Clinical Quality 

Clinical Quality

Quality and Patient Safety

Palmetto Health is committed to providing the highest possible level of clinical quality and patient safety. Through the efforts of our physicians and staff, we have significantly reduced harm events and mortality (we rank in the top 10 percent of all hospitals in the nation) and consistently achieve high scores in CMS Appropriate Care Measures. Our success has been remarkable but there is much more to do!

The following key activities are foundational to our overall quality and safety agenda. 

Central line-associated bloodstream infections

  • CL-BSI reduction activities include central line insertion bundle, daily needs assessment, preferred site selection, and house-wide surveillance for CLABSI.
  • Unnecessary lines should be removed immediately.

CMS Appropriate Care Measures

  • ACMs include acute myocardial infarction, heart failure, community-acquired pneumonia, stroke and surgical care.
  • Each ACM has a set of best practices.  Clinical data is extracted from the EMR for submission to CMS and The Joint Commission.

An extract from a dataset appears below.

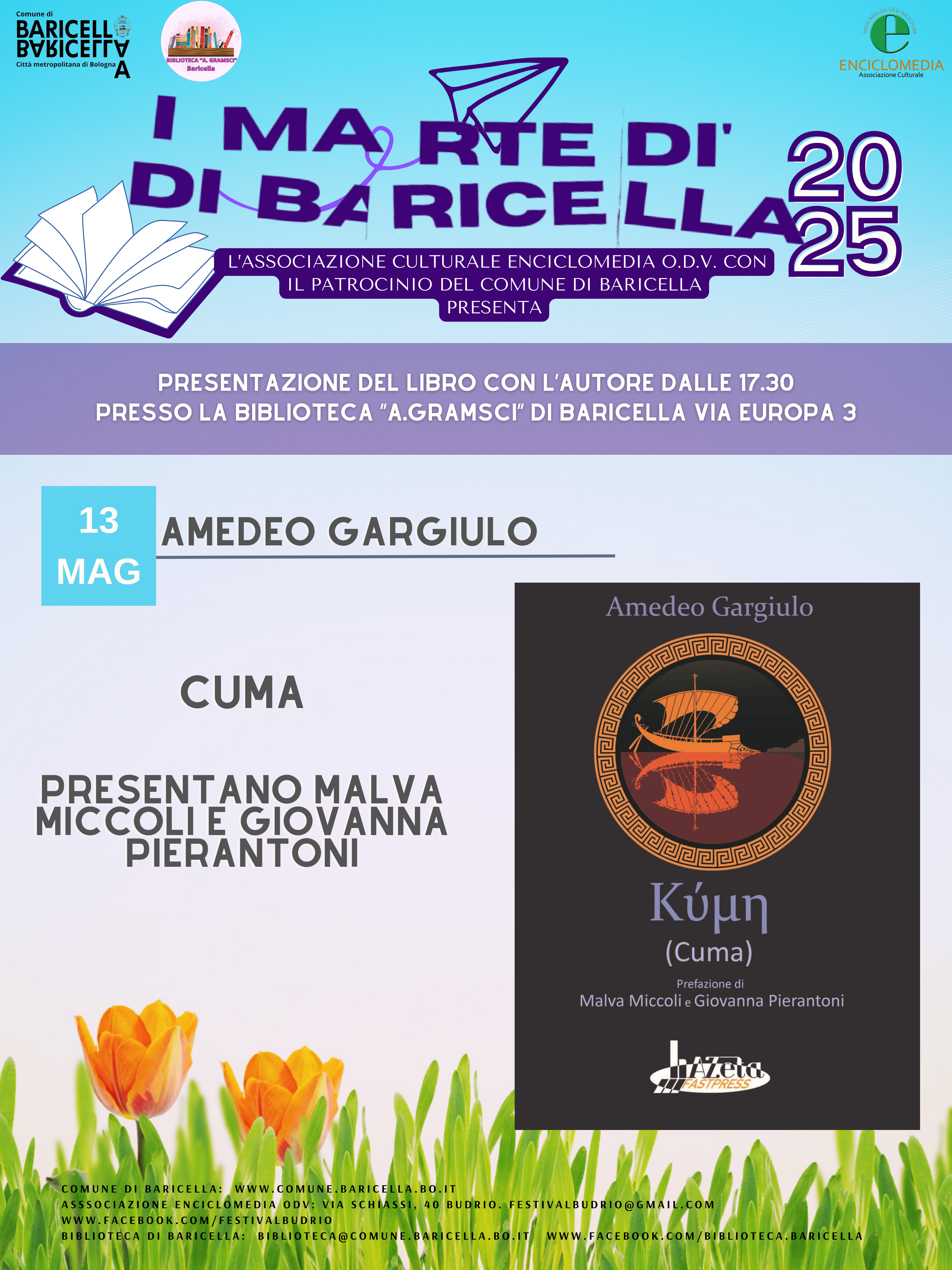- 13 maggio: Amedeo Gargiulo, Cuma, Azeta Fastpress. Presentano Malva Miccoli e Giovanna Pierantoni. Nel corso della serata ci saranno le premiazioni dei vincitori della sezione poesia della III Edizione del concorso "A Baricella mettiamo in mostra l'Amore"

Multidrug-resistant Organisms

  • MDRO reduction activites include isolation bundles and active MRSA screening for high risk patients. The isolation bundle includes use of personal protective equipment (PPE), correct transmission-based precaution sign, and an isolation order in the computer.
  • Documentation of history of MDRO is located in the Cerner Problem List and Isolation Report.

Pain Management

  • The patient's self-report of pain is the most reliable indicator of the existence of pain.
  • The patient should be informed about potential limitations and adverse effects of pain treatment.
  • Nursing staff is generally responsible for pain assessment and reassessment. Physicians will be contacted to re-evaluate pain management orders based on the ongoing assessment process.

Time Out

  • Timeout occurs just prior to the start of every procedure and involves the verification of the correct patient, correct side and site, correct invasive/surgical procedure, correct patient position, and as applicable any required implants and special equipment or requirements.
  • The  communication process must be active and include at minimum the surgeon, anesthesia provider, nurse and surgical technologist.

 Abuse and Neglect

  • Forms of abuse and neglect include abandonment, emotional, psychological, sexual, verbal, financial or material exploitation, and misappropriation.
  • Report any suspected cases of abuse or neglect to social worker or case manager. If unsure of how to contact these personnel, contact your VPMA (hospital) or VP Clinical Affairs (ambulatory settings).
  • These professionals will facilitate contact with SC DSS or other appropriate agency. However, this does not preclude mandated reporter's responsibility to report to the appropriate agency.